Proceed without the resource. This is typically seen in systems where maintaining low latency is paramount. For instance, say a customer orders on Amazon, but some deadlock prevents the inventory from notifying the client of if the item is in stock. The client may simply give up, queue a check to be run later, and continue with normal web operations. If the item was in fact out of stock, the customer is notified later with an apology, rather than having the website hang.
Transactions. Intel Transactional Synchronization Extensions (TSX) are a good example. When deadlocks are detected, the thread (1) rollbacks to a clean state, (2) stops/rollbacks one or more victim threads, (3) lets other threads process, and (4) lets the victim threads finally complete. (Intel TSX actually does this slightly differently, allowing execution without any locking that rollbacks if any contention is detected). During a transaction, the results are not visible to any other thread; upon success, the transaction will commit its result, and the changes to the shared state will become visible.

One decision to make with transactions is which thread to abort. A suggested solution is wound wait, where the youngest transaction is aborted. This ensures liveness/avoids starvation, as eventually the oldest transaction will complete, and so on.
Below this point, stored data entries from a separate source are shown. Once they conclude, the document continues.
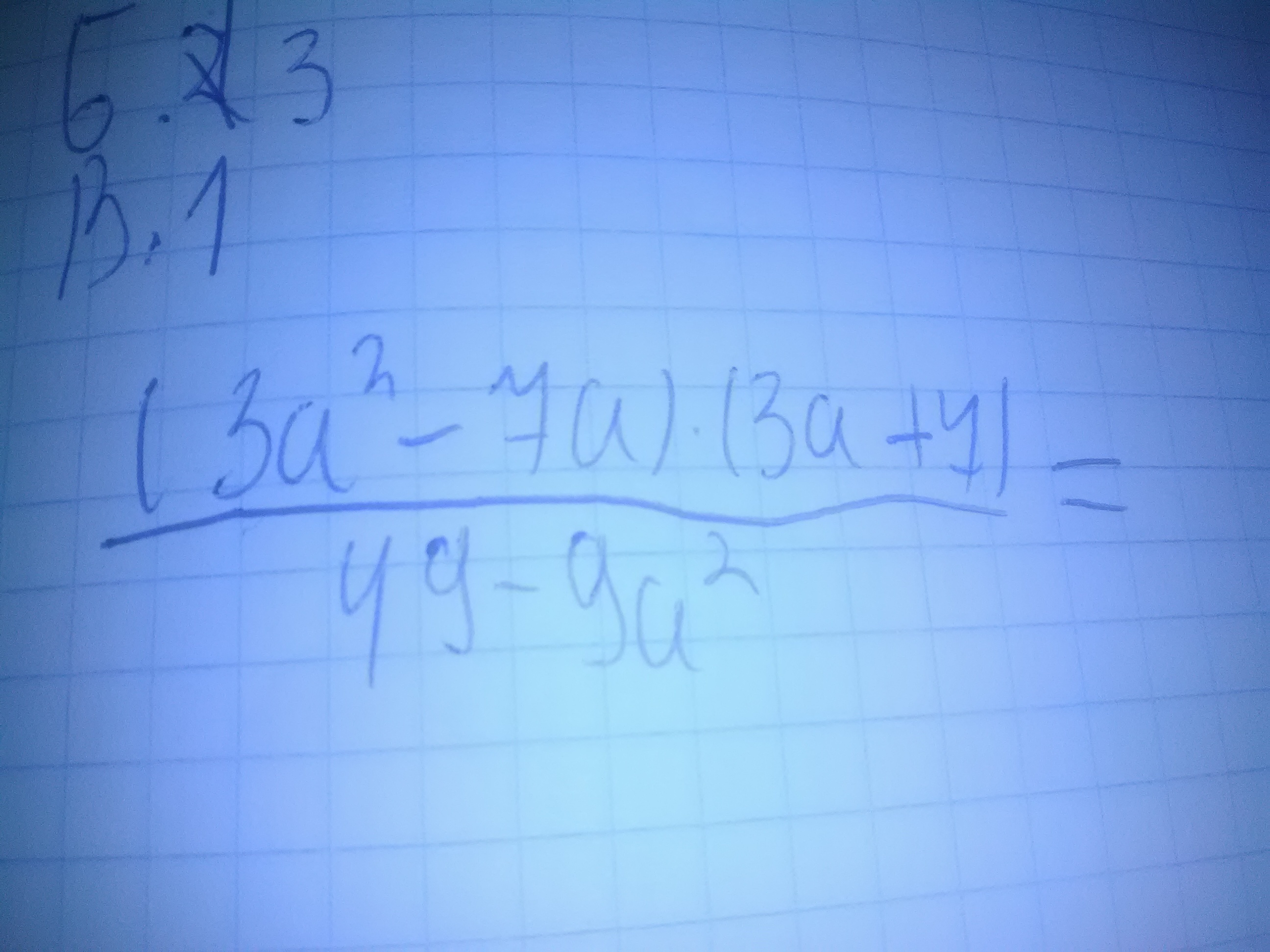 frac{(3 {a}^{2} - 7a)(3a + 7) }{49 - 9 {a}^{2} }  =  frac{a(3a - 7)(3a + 7)}{49 - 9 {a}^{2} }  =  frac{a(9 {a}^{2}  - 49)}{49 - 9 {a}^{2} }  = frac{ -a(49 - 9 {a}^{2})}{49 - 9 {a}^{2} }  = - a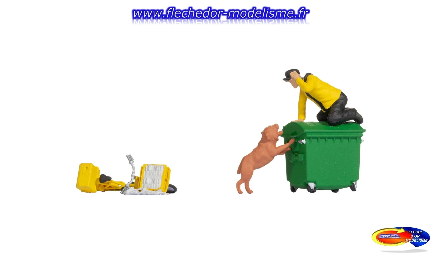 Scène drôle "Attention au chien" proposée par NOCH. Avec Funny-Scenes "Caution Dog", NOCH propose une scène vivante et humoristique qui ne manquera pas de faire sensation sur votre réseau de chemin de fer miniature ! Cette scène montre un homme qui est manifestement en train de fuir un chien vigilant. L'homme a précipitamment laissé tomber son vélo et a grimpé sur la poubelle par peur, tandis que le chien tente de l'atteindre en aboyant bruyamment et attentivement. Le vélo renversé se trouve à côté du conteneur, entouré d'ordures éparses, ce qui confère à la scène un dynamisme et une authenticité supplémentaires. Funny-Scenes "Caution Dog" est parfait pour les coins urbains, les arrière-cours ou les scènes de rues animées dans votre maquette de paysage. Cette représentation à la fois drôle et excitante apporte une pincée d'action et d'humour à votre maquette et ne manquera pas de faire sourire les spectateurs. NOCH est synonyme de figurines détaillées et pleines de caractère - découvrez ces scènes amusantes et bien d'autres encore sur NOCH.com !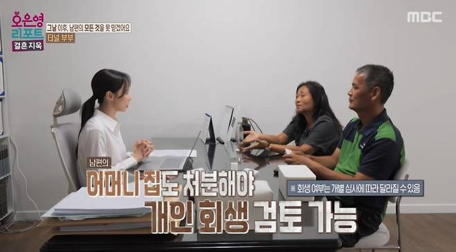 부부의 집과 어머니 집도 처분해야 개인 회생 검토가 가능하다고. 아내는 결국 "1,800만 원 때 얘기했으면 일이 이렇게 안 됐다. 화를 안 낼 수 없다"라고 분노했다. 남편은 아내에게 바로 말 안 한 이유에 관해 "알면 난리 날 것 같아서. 차라리 그때 얘기했으면 일이 이렇게까지 커지진 않았겠죠"라고 후회했다.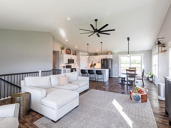 Built in 2021, this 5-bedroom, 3-bath open-concept ranch sits on a large half acre lot in a quiet neighborhood. The home features a spacious garage, convenient main-level laundry, and a modern layout with style throughout. The finished basement expands the living space with two additional bedrooms, full bath, wet bar, and walkout access to the patio. Basement 5th BR features crafty barn doors that allow for either a BR or massive office space. Designed for both comfort and entertaining, this home offers the perfect setup for gatherings indoors or outdoors.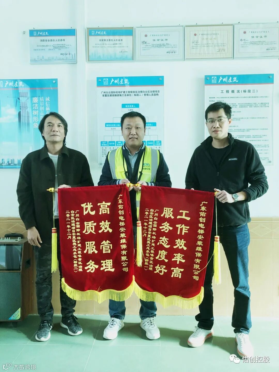2021年12月16日,喜报传来!有感于广东佑创的卓越服务,广州白云国际机场扩建工程噪音区治理白云区治理项目安置区施工总承包(标段一)(标段二)广州建筑股份有限公司主动授予表彰锦旗两面。安装部经理姬贯威代表公司接受了表彰。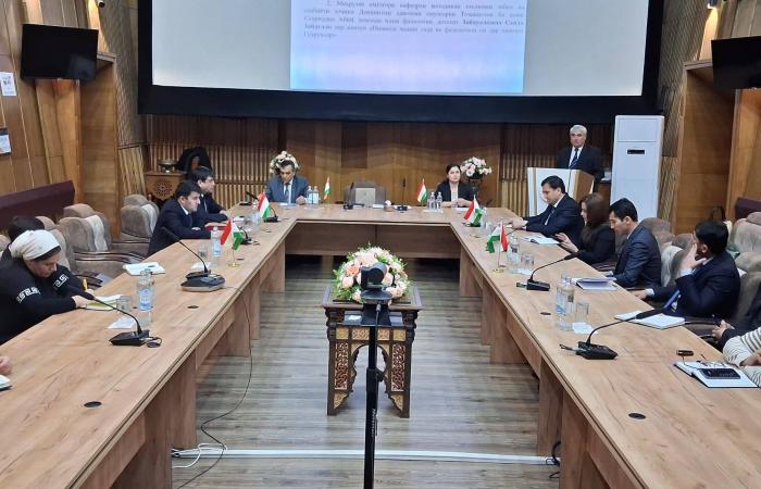 Дар мизи мудаввар раиси Кумитаи забон ва истилоҳот Сахидод Раҳматуллозода, муовини раиси Кумита Файзиддин Баротзода, директори Маркази миллии тарҷума, Ҳамрохон Дӯстзода, устодони Донишгоҳи давлатии омӯзгории Тоҷикистон ба номи Садриддин Айнӣ - д.и.ф., профессор Саъдӣ Қосимӣ ва н.и.ф., Саида Зайдуллозода ва кормандони Кумита ва зерсохторҳои он иштирок намуданд.

6.6 Non-Blocking Synchronization

In essence, non-blocking synchronization is the idea of writing concurrent programs entirely without locks. This eliminates lock contention and deadlocks, but can make programs much more complex and dangerous to design. In particular, wait-free data structures guarantees progress for every thread, regardless of other threads' states, while lock-free data structures guarantee progress for at least one thread. In essence, wait-free implies lock-free, and lock-free can cause starvation.

Aside: Handling Deadlocks

162 defines 4 ways of handling deadlocks:

Denial. Pretend it doesn't exist. Applicable in situations where deadlock is rare and, in the case of a deadlock, the system can simply be restarted.
Prevention. Write systems that don't satisfy all four deadlock conditions.
Recovery. Let deadlocks happen, and recover from them.
Avoidance. Dynamically delay resource requests so deadlock doesn't happen, e.g. Banker's algorithm.